Connecting the personal and the political in her wonderful 2016 novel My Name is Leon resulted in a bestseller, and many well-deserved accolades, for Kit de Waal. My Name is Leon’s political backdrop was the London riots of 2011, and the events of her new novel, The Trick to Time - which has already attracted the attention of the 2018 Women’s Prize for Fiction – are interrupted and shaped by the IRA pub bombings in Birmingham in 1974. Kit de Waal’s own rich, mixed Irish-Caribbean heritage makes her well-placed to both document and comment on the effects of the attacks on Birmingham’s Irish community, as the shock-waves ripple and swell through families and across entire lifetimes.

My Name is Leon and The Trick to Time are very different novels; but in both, Kit de Waal takes an oblique look at an ever-shifting world by focusing on the tiny lives of her characters.

In an unnamed seaside town, on the eve of her 60th birthday, we meet Mona. Her life is quiet, a little mundane perhaps – and from the moment we meet her she seems not unhappy exactly, but restless, sleepless and unfulfilled. From its gentle, humdrum start the story creeps up on us, uninvited and discomforting. Mona has built herself a business selling handmade dolls; each child’s body is made from specially selected hand-turned wood – oak for one beautiful child, pine for a small wisp of a child; all sanded to a fine, silky finish. The clothes are hand-stitched from carefully-selected fabrics picked up in the town’s charity shops: a bit of lace trim taken from an old blouse, a pretty fabric from a discarded skirt. When quiet women turn up, she says that they need only bring her a shawl, a blanket, anything they like – and to tell her the weight of the child. The dolls hint at the tragedy in her own past. Guided by Kit de Waal’s elegant writing, we travel back and forth in time with Mona, and slowly the past and the present become the same thing. We see Mona as a child, brought up in Ireland by a caring father, but bored by the solitude forced on her by her mother’s lingering illness. He imparts the advice, as her mother is dying, that ‘there’s a trick to time – you can make it expand or you can make it contract. Make it shorter or make it longer’.

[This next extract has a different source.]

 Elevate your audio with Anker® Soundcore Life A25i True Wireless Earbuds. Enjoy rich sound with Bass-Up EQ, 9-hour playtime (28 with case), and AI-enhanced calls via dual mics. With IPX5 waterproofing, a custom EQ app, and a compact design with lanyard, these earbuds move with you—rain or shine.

Mona, however, fails to understand the significance of her father’s words at that time. She makes the exciting move to Birmingham, where she meets the love of her life, the delightful, confident and sweet-natured William. After a blast of love at first sight, a whirlwind romance and a joyful wedding, the couple settle down to build their own family.

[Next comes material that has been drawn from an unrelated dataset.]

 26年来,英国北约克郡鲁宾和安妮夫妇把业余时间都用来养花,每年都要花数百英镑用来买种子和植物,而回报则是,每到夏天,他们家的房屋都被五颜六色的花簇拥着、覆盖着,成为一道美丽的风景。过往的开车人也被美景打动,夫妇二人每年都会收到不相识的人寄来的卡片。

There is always love, but there is also always politics, hatred and brutality. The violent intrusion of the IRA’s bombings are the story - and at the same time they interrupt the story. But that is the reality of the political world. It defines us, even when we believe that great events have nothing to do with our little lives.

These are small lives, but it is the small things that enable us to see the landscape more clearly. Kit de Waal deftly draws the characters: the gossipy hairdresser, the slow and sulky teenage assistant, the friend who organises a surprise party, the over-friendly cafĂ© owner – and we care about them all. This small world is complex though; good and bad shift around, allies and enemies swap places and simple situations suddenly seem more complicated. Mona belongs in her world, she moved to the thriving, cosmopolitan Birmingham with great hope and excitement - but she is also an immigrant. Her and William’s love for each other and hope for their future is contrasted with the hate and destruction that follows the bombings. We see through the life of Mona how the Irish are treated in the wake of the bombings; the blatant racism of the cab drivers, even the midwives, and the anger unleashed on them by the ignorant English who seek revenge on anyone with an Irish accent. The Trick to Time is set both in our own time and in the 1970s – although the events of 45 years ago seem to be occurring today too as external political events unleash blind, uninformed hatred towards an immigrant community. A timely reminder perhaps, or just one of the deeply ingrained failings of the human race?